Склонялись зеленые, непроходимые стены деревьев, и лианы спускались с них и шелестели побегами над головами людей, словно хотели поймать.

…Потом она повела его в сторону от водопада, в самые дебри лианника.

– Здесь, кажется. Остановка. Снимай рюкзак. И винтовку. Пошли.

Отошла шага на три и остановилась под маньчжурским орехом над густыми зелеными зарослями.

– Ничего не видишь?

– Нет.

– Тогда зажмурь на минуту глаза. И думай про что-нибудь хорошее. Сюда нельзя приходить со злом в сердце.

– Буду думать о тебе.

Он стоял и правда вспоминал ночную избушку, шум деревьев и ее губы.

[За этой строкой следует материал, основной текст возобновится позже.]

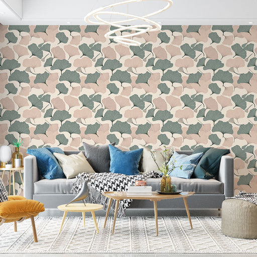 WonderMuralNosso Papel de parede apresenta um charmoso padrão de folha de ginkgo, realçado por tons de verde e rosa em um fundo creme. Este design elegante e ...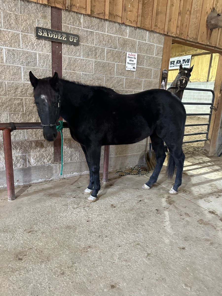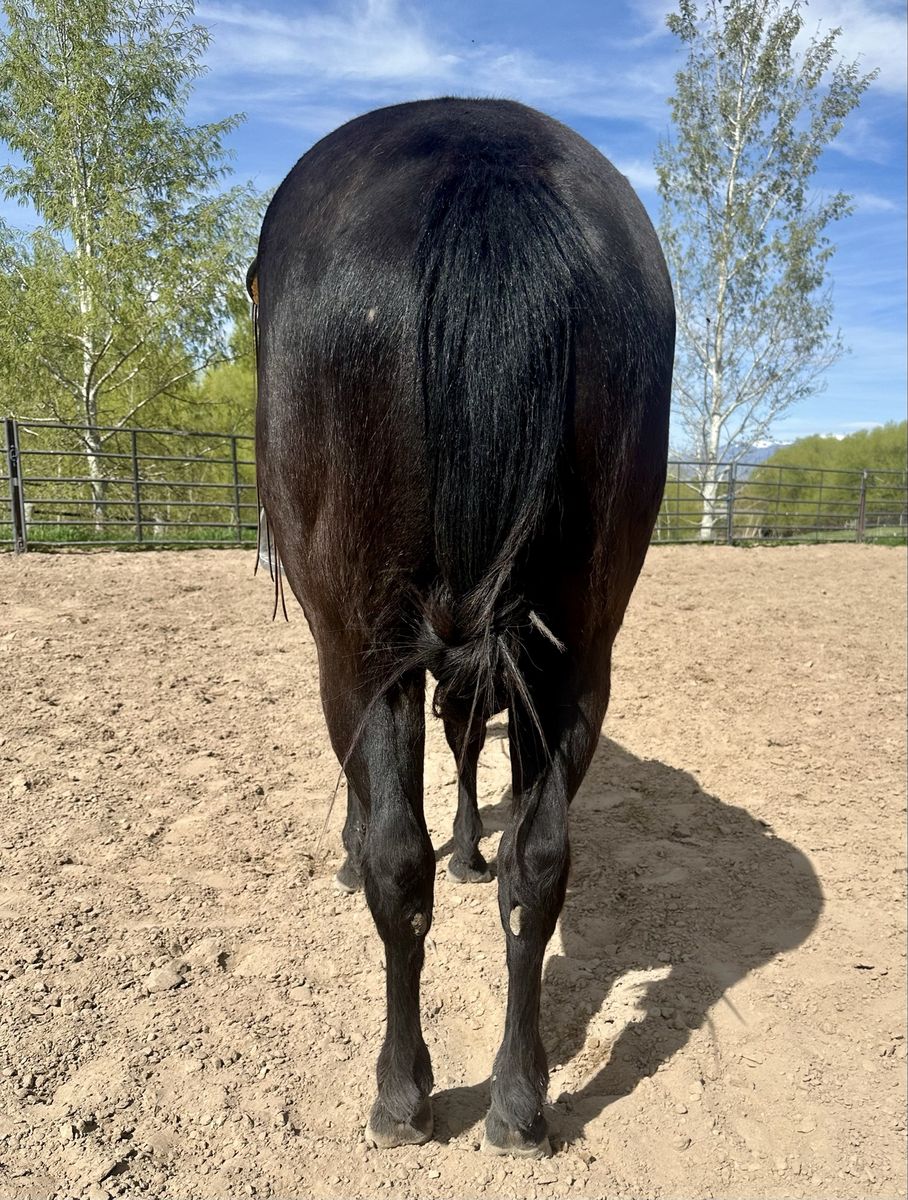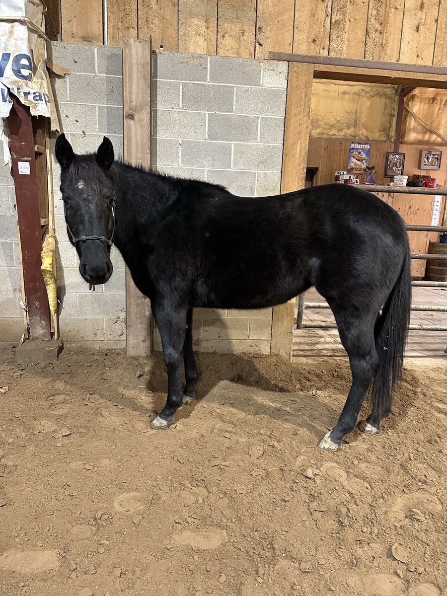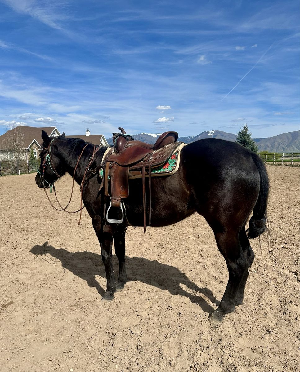 Registered AQHA 3-year-old black mare (Lena Loves Cash) with a great start and an even better mind. Walk trot lope both ways. Has had lots of ground work, lunges, gives to pressure, and wants to please. She’s been started right and is ready to go on in any direction. Professionally started and maintained. 15.1 hands but will mature 15.2-15.3 hands. Easy to have around—ties, loads, and trailers well. Good in both a stall and pasture, and sits in the middle of the pecking order. Great for the farrier, currently barefoot but has had shoes and does well either way. Very gentle, willing, and easygoing—she has the kind of temperament that will make a great kid’s horse with more miles. She has lots of trail miles, not much phases her. UTD on vaccines, deworming, just got a trim, and had her teeth floated. She’s ready to go! By Poco Royal Cash and out of Royal Blue Lena DR, giving her a solid mix of cow and foundation breeding.

– Смотри, – тихо сказала она.

Папоротник и другие растения были отогнуты в сторону.

– Он?

– Не дыши. Он такой деликатный, что может умереть и от этого.

– Почему?

Потому что всю силу он хранит в корне. Для других только. Вот когда ты перестанешь меня любить – приди сюда, отыщи место и соверши единст венное преступление. Укради его. Он будет тогда большим, мудрым, старым. И все вернется: река, и сентябрь, и чозении.

– Я не буду его красть. Я никогда не перестану тебя любить.

– Не надо так, – встревоженно сказала она. – Не заставляй меня жалеть о многих поступках. – Тебе не о чем жалеть. Они сидели возле растения. Плечо к плечу.

– Подожди, я прикрою его от солнца. Прямые лучи тоже убивают его. Хрупкий. Как сама любовь.

Сплела над ним травы.

– И давай отойдем. Теперь ты все равно видишь его? И в траве?

– Теперь вижу.

– Отойдем. Может, ему и взгляды вредят.

Женьшень стоял в нескольких шагах от них. Древний, нежный, добрый. И они опустились на траву и смотрели, смотрели на него.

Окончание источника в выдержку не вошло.